To: SofaSpud who wrote (12851)10/15/1998 9:00:00 PM
From: Herb Duncan  Read Replies (1) | Respond to of 15196
 
MERGERS-ACQUISITIONS / Shareholders and Courts Approve Del Roca Energy
and Tekerra Gas Merger

ASE SYMBOL: DER

AND TEKERRA GAS INC.

VSE SYMBOL: TKG

OCTOBER 15, 1998

CALGARY, ALBERTA--At Special Meetings of Shareholders held on
October 9, 1998, the Shareholders of DEL ROCA ENERGY INC. ("Del
Roca") and TEKERRA GAS INC. ("Tekerra") have voted in favour of
amalgamating the two companies under the name of Del Roca Energy
Ltd. The Court of Queen's Bench has also approved the Plan of
Arrangement during a hearing on October 13, 1998. This merger was
first announced July 9, 1998 and amended August 25, 1998.

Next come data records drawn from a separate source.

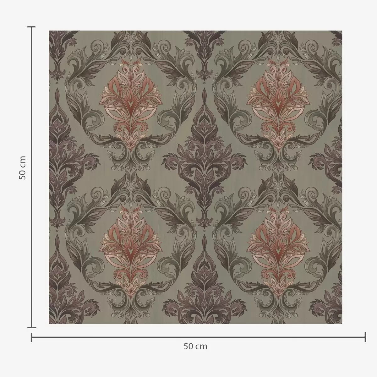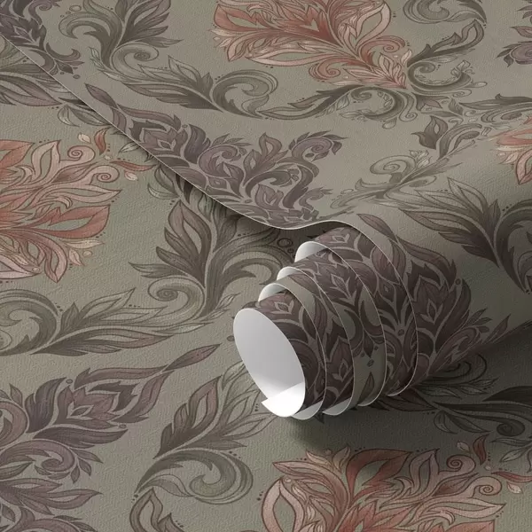 Baggrunde Terracotta-damask på dæmpet olivengrøn baggrund Nr. a00828v3
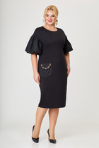 Платье полуприлегающего силуэтавыполнено из полотна черного цвета. Лаконичный и строгий крой позволит Вам создатьмножество вариантов для образов в разном стиле,дополняя образ аксессуарами.Характеристики: полуприлегающий силуэт, отрезное, горловина овальная, рукав втачной, в боковыхшвах карманы, застежка -потайная тесьма молния всреднем шве заднего полотна изделия. Длина 124 см.
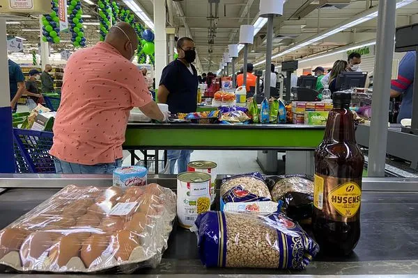 人们在Megasis支付杂货费,这是加拉加斯第一家伊朗超市。摄影师:亚历克斯·瓦斯奎兹/彭博社
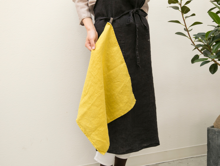 生地が厚めの作りで耐久性にも優れるこちらなら、たくさん洗っても大丈夫。使うほどにやわらかな味わいも増すので、愛着を持ってお使いいただけますよ。
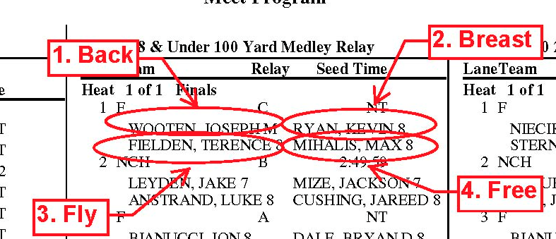 Medley Relay ‐ Read the meet sheet in this order to determine what stroke - (1) top left, (2) top right, (3) bottom left, (4) bottom right. Back, Breast, Fly, Free. (6&U and 7/8s - Back starts on side with timers, Breast starts away from timers, Breast starts on side with timers, Free starts on side away from timers).png)
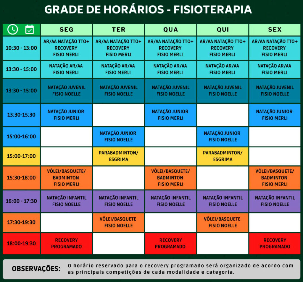 Fique atento ao horário da sua categoria e, em caso de dúvidas, procure o fisioterapeuta responsável ou a comissão técnica.
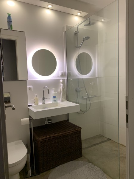 Walk-in wardrobe can only be accessed from the room. Own private bathroom with toilet, rain shower, sink, cabinet, clothes basket. Private entrance to the apartment with intercom.
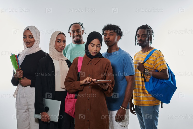 Группа разнообразных студентов занимается современными образовательными практиками, используя различные технологические инструменты, такие как ноутбуки, планшеты и смартфоны, на чистом белом фоне, иллюстрируя современный подход к совместному обучению и до
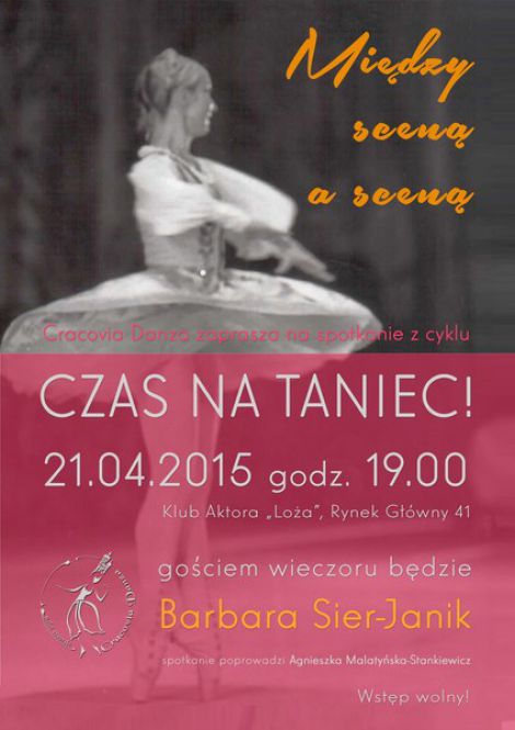 Barbara SIER-JANIK - tancerka i pedagog, przez wiele lat pierwsza solistka Baletu Teatru Wielkiego w Warszawie, wieloletnia nauczycielka tańca w warszawskiej Państwowej Szkole Baletowej, wykładowca tańca klasycznego i nowoczesnego w Akademii Muzycznej w Warszawie, a od 2007 roku wykładowca tańca klasycznego na Wydziale Teatru Tańca PWST w Krakowie, oddział w Bytomiu – będzie gościem kolejnego spotkania z przygotowywanego przez Balet Dworski Cracovia Danza cyklu CZAS NA TANIEC!. Spotkanie zatytułowane Między sceną a sceną odbędzie się we wtorek, 21 kwietnia, o godz. 19, w Klubie Aktora „Loża”. Kraków, Rynek Główny 41.
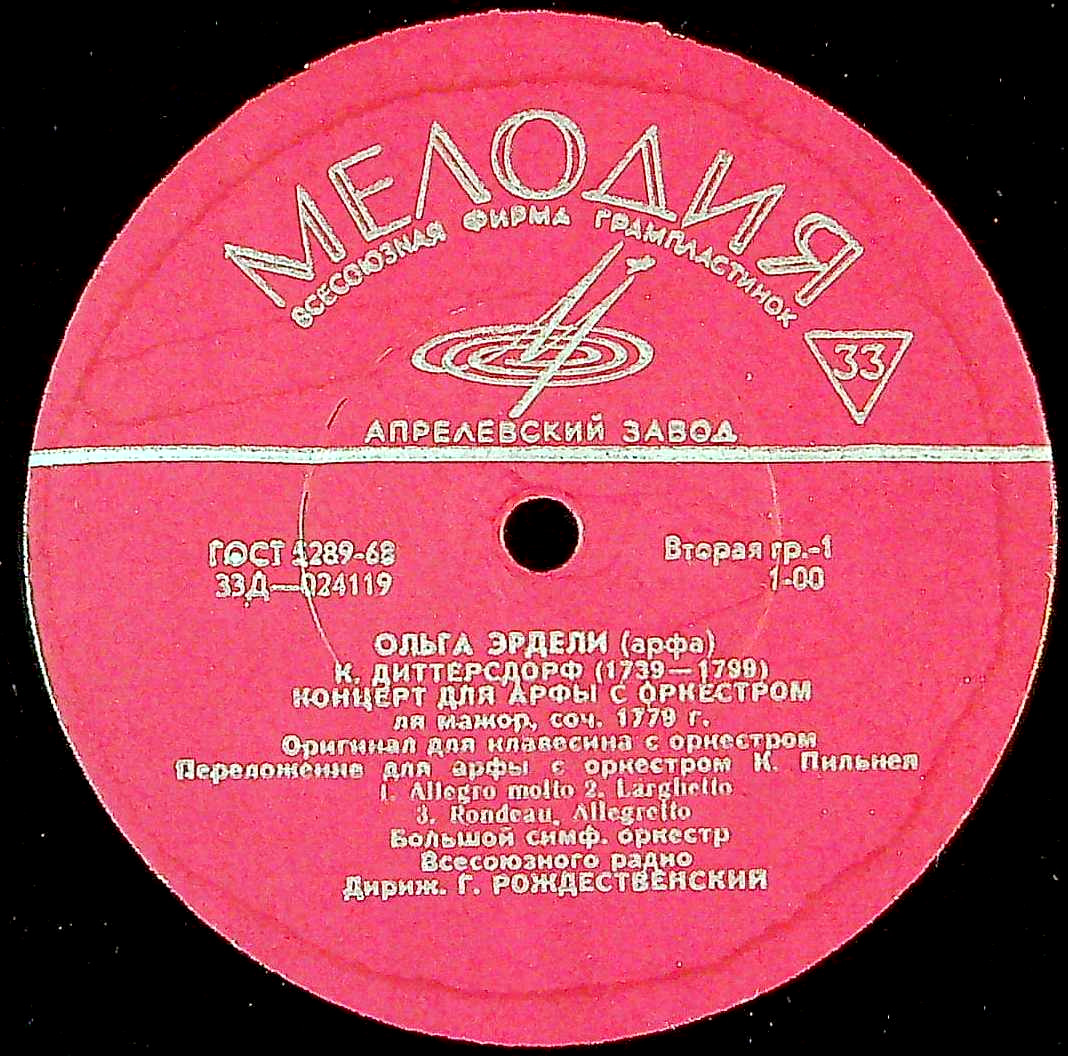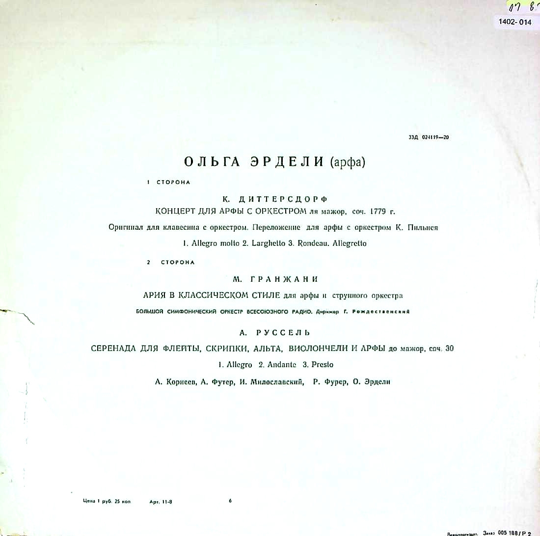 商品コード:1402-014n[MELODIYA] O.エルデリ(hp) / Hp協奏曲集/デッタースドルフ:Hp協奏曲, M.グランジャニー:古典様式のアリア, ルーセル:セレナーデOp.30

Shareholders of Tekerra will receive 0.6000 common shares of Del
Roca Energy Ltd. per common share held in Tekerra and shareholders
of Del Roca Energy Inc. will receive 0.29875 common shares of Del
Roca Energy Ltd. per common share held. Del Roca Energy Ltd. will
have approximately 12,640,000 common shares issued and
outstanding, and will trade on the Alberta Stock Exchange.

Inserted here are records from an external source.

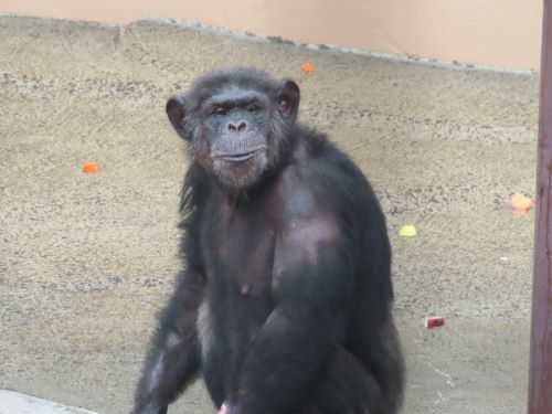 隣の放飼場にいる他のチンパンジーをのぞいたり、
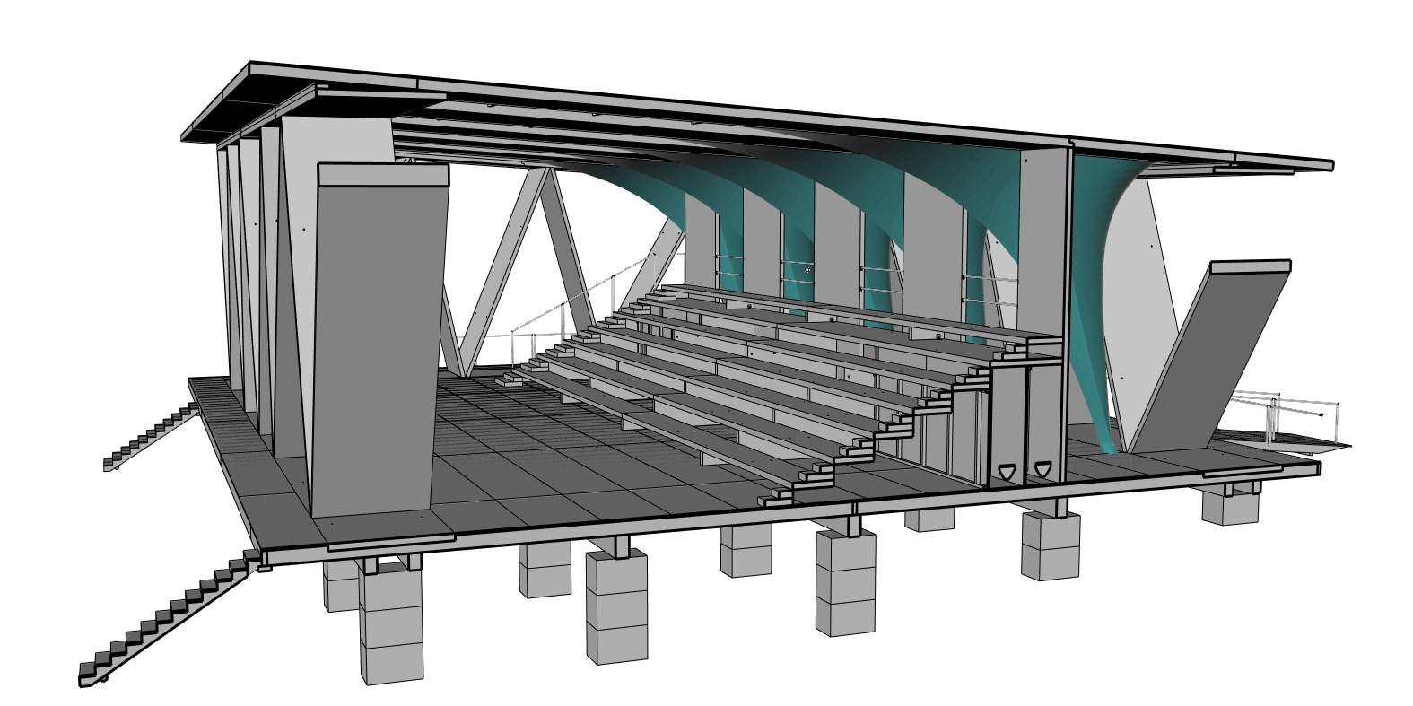 The impulse for this study came from an earlier design for a temporary open-air stage canopy. The roof was conceived as a timber plate with openings acting as skylights. A membrane would provide the waterproofing layer and close the skylights translucently.
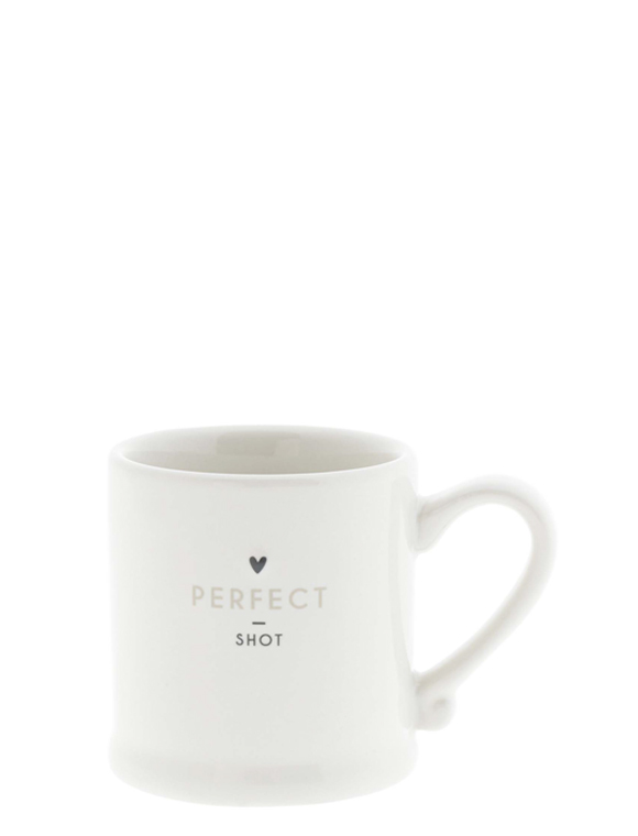 Lieblingsstück! Süßer Espressobecher mit Henkel von Bastion Collections zum schlichtweg haben wollen. Der Keramikbecher ist eine einzige Liebeserklärung an den Morgen... darum kann der Start in den Tag kaum besser gelingen. Die charmante Tasse mit einer Füllmenge von bis zu 50 ml macht sofort gute Laune, und kann mit oder ohne Untertasse benutzt werden. Der hübsche Becher lässt sich bestens kombinieren, hat einen kleinen praktischen Henkel, ist Mikrowellen und Spülmaschinen erprobt und passt perfekt zur neuen Linie des niederländischen Labels. Hier kann fröhlich mit den unterschiedlichen Mustern gespielt und gemixt werden - daher gibt es auch gleich drei Dessins - mit "take it easy", "PERFECT SHOT" und mit  "lovely espresso" kann natürlich prima nach Lust und Laune der Frühstückstisch gedeckt werden. Die Tasse ist 6 x Ø 5,5 cm groß und aus weißer, handbemalter Keramik gearbeitet. Wir wünschen dir viel Freude mit dem süßen Espressobecher mit Henkel von Bastion Collections - und mixe fleißig weiter...
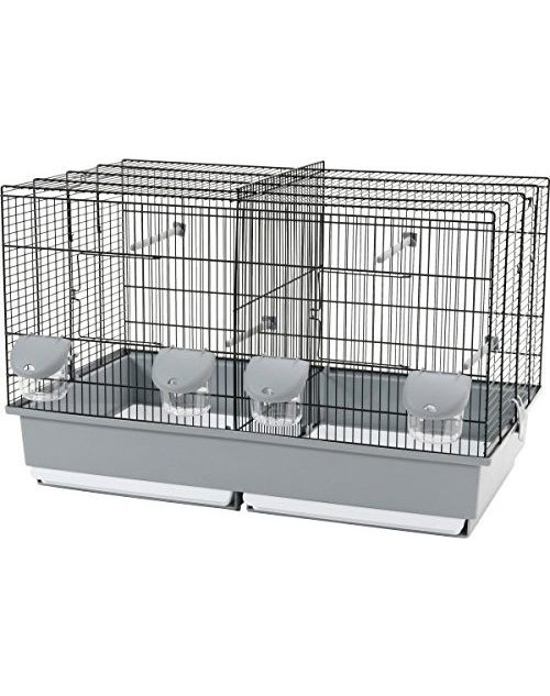 Dvojfarebná chovná klietka pre vtáky s 2 odnímateľnými zásuvkami pre jednoduhšiu hygienu.

It is anticipated that the Amalgamation will be complete by
October 31, 1998 at which time new share certificates of Del Roca
Energy Ltd. will be distributed. Trading in the common shares of
Del Roca Energy Ltd. will commence after approval of the new
trading symbol has been obtained from the Alberta Stock Exchange.

IN THE CASE OF TEKERRA GAS INC. MR. JOHN KINGSBURY IS RESPONSIBLE
FOR THE INFORMATION CONTAINED HEREIN RELATING TO TEKERRA.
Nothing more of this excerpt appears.